──────── Records for the task
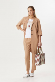Деловой костюм из текстиля: жакет, брюки и блуза Твой имидж 1783 бежевый
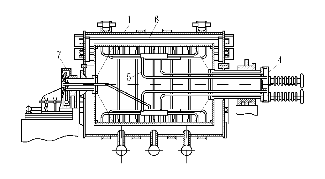 1 - барабан; 2 - нижнее полукорыто; 3 - крышка; 4 - распределительная головка; 5 - система распределительных труб; 6 - устройство для промывки осадка; 7 - привод барабана.
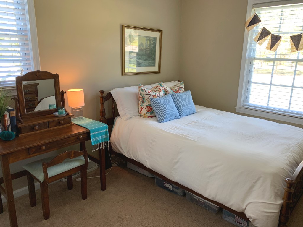 I added a quilt under the duvet and made the bed with a set of sheets that are available on Amazon. The bed always has clean sheets on it so that I’m always ready for company!
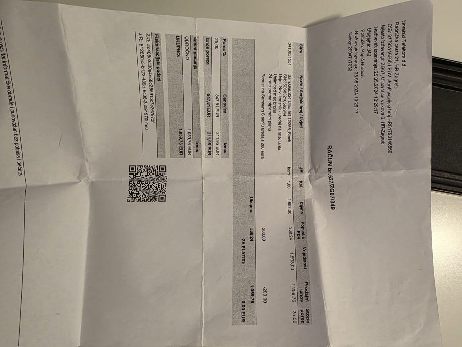 Prodajem Samsung Galaxy S24 Ultra u Titanium black boji. Mobitel radi besprijekorno i nema nikakvih tragova korištenja (vidljivo i na slikama). Dolazi s originalnom kutijom i priborom.
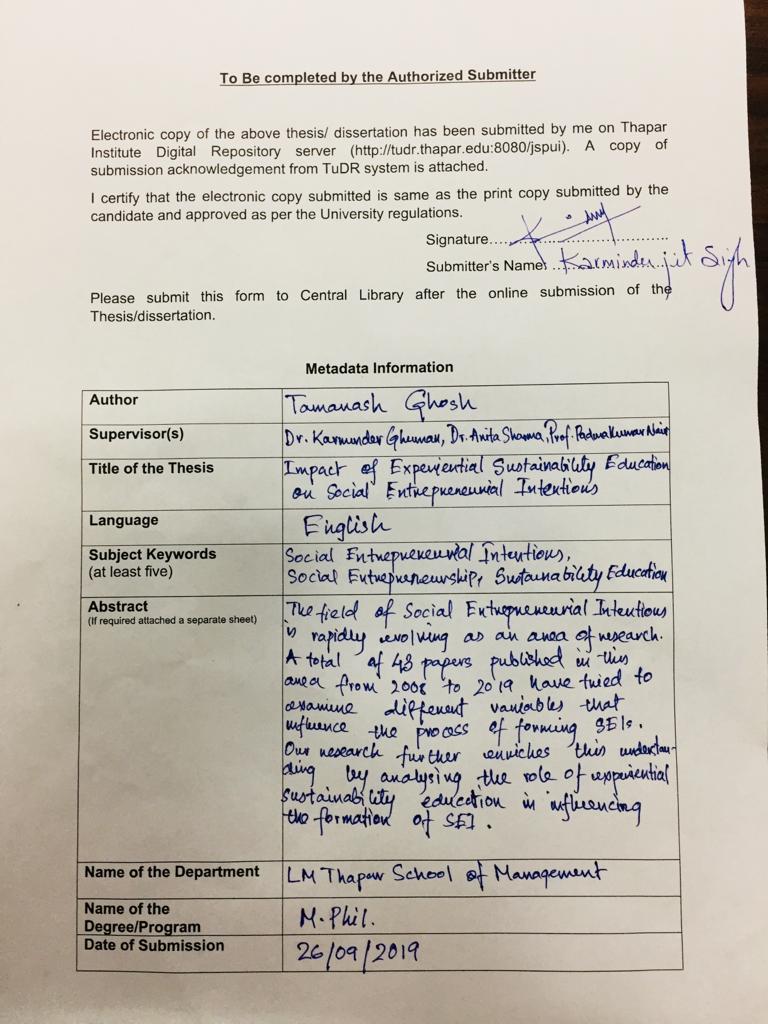 The field of social entrepreneurial intentions is rapidly evolving as an area of research. A total of 43 papers published in this area from 2008 to 2019 have tried to examine different variables that influence the process of forming SEIs. Our research further enriches this understanding by analysing the role of experiential sustainability education in influencing the formation of SEI.
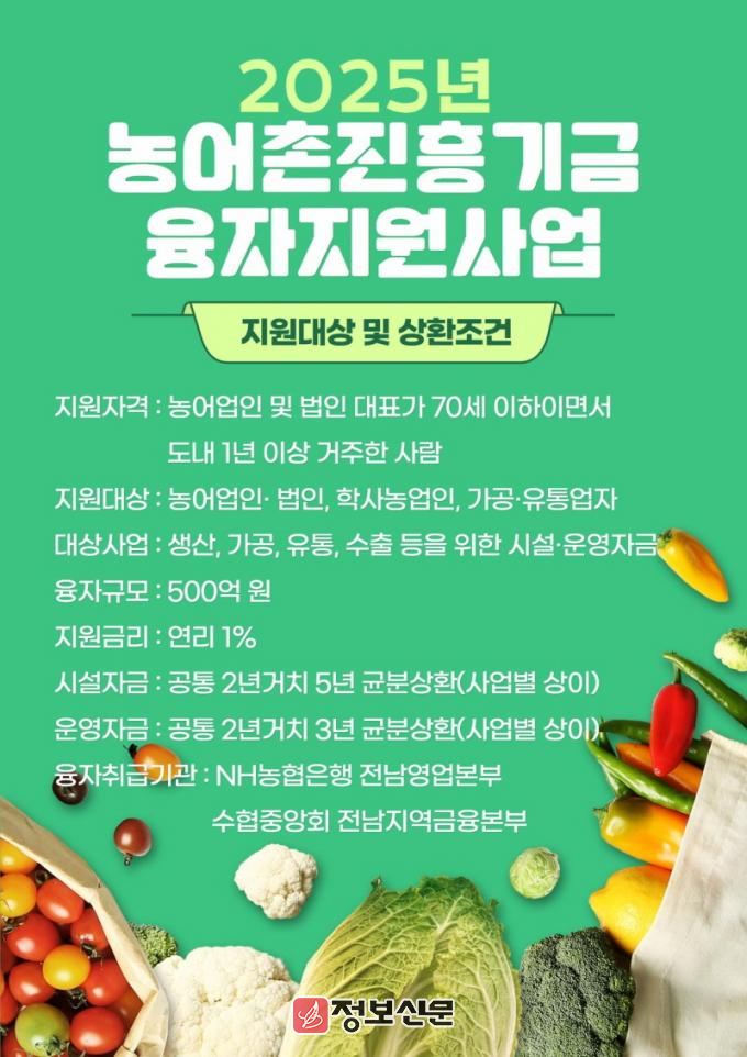 지원 대상은 전남에 주소를 둔 농어업인이나 전남에 주된 사무소를 둔 농어업법인이다. 개인은 1억 원(학사농업인 2억 원), 법인은 2억 원(가공·유통회사 10억 원), 저온저장고 설치 자금은 5억 원 한도에서 1% 이자로 융자 지원한다.
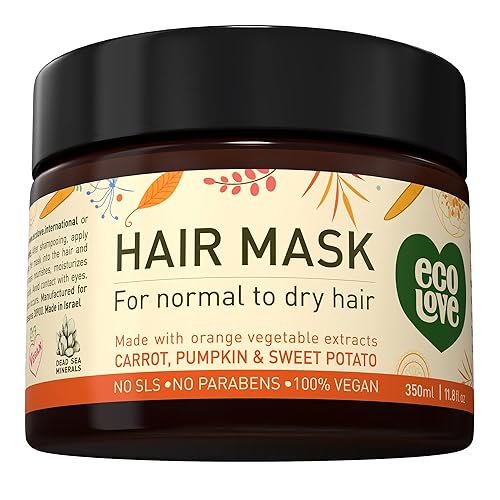 ecoLove Hair Mask for Dry, Damaged, and Curly Hair - Deep Conditioning Treatment with Carrot and Pumpkin Extract, SLS & Paraben-Free, Vegan and Cruelty-Free - 11.8 oz
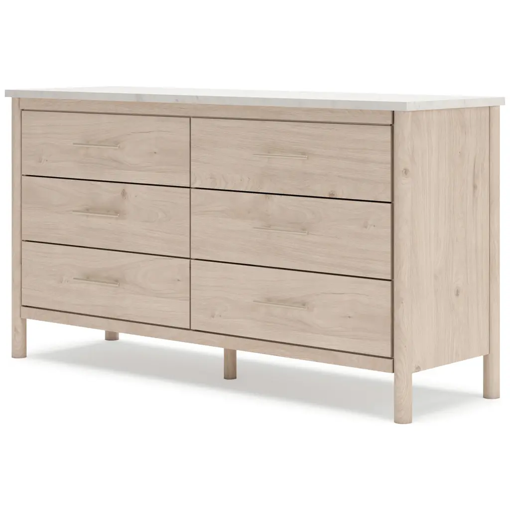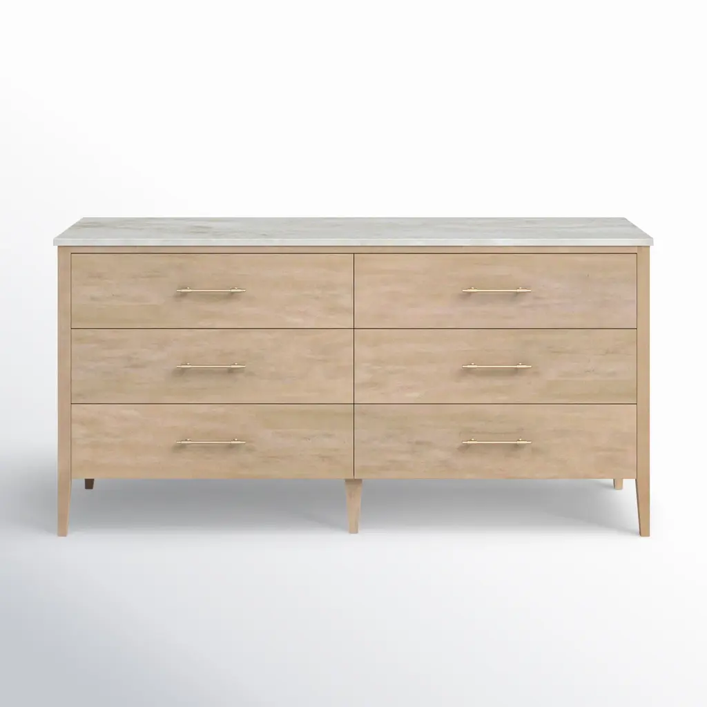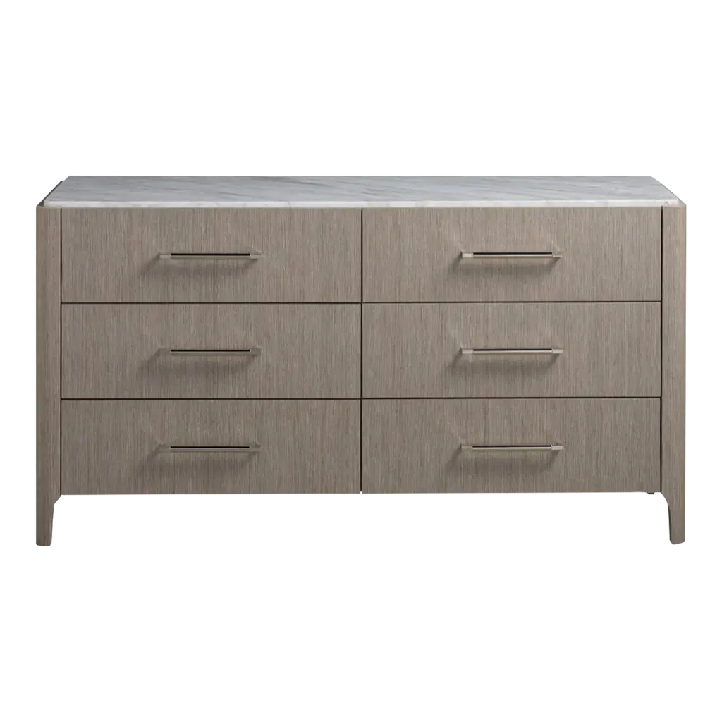 A casual contemporary design with a smooth, light finish and white marble top. 6 Drawers feature smooth side roller glides and champagne colored finished handles. - Product Details provided by Manufacturer, Slumberland not responsible for errors in information.
────────────────
Exercise:
Once you find the line containing "지원 대상은 전남에 주소를", transcribe it and each line after it to the end of the records exactly, and leave out the pictures.

Answer box:
 지원 대상은 전남에 주소를 둔 농어업인이나 전남에 주된 사무소를 둔 농어업법인이다. 개인은 1억 원(학사농업인 2억 원), 법인은 2억 원(가공·유통회사 10억 원), 저온저장고 설치 자금은 5억 원 한도에서 1% 이자로 융자 지원한다.
 ecoLove Hair Mask for Dry, Damaged, and Curly Hair - Deep Conditioning Treatment with Carrot and Pumpkin Extract, SLS & Paraben-Free, Vegan and Cruelty-Free - 11.8 oz
 A casual contemporary design with a smooth, light finish and white marble top. 6 Drawers feature smooth side roller glides and champagne colored finished handles. - Product Details provided by Manufacturer, Slumberland not responsible for errors in information.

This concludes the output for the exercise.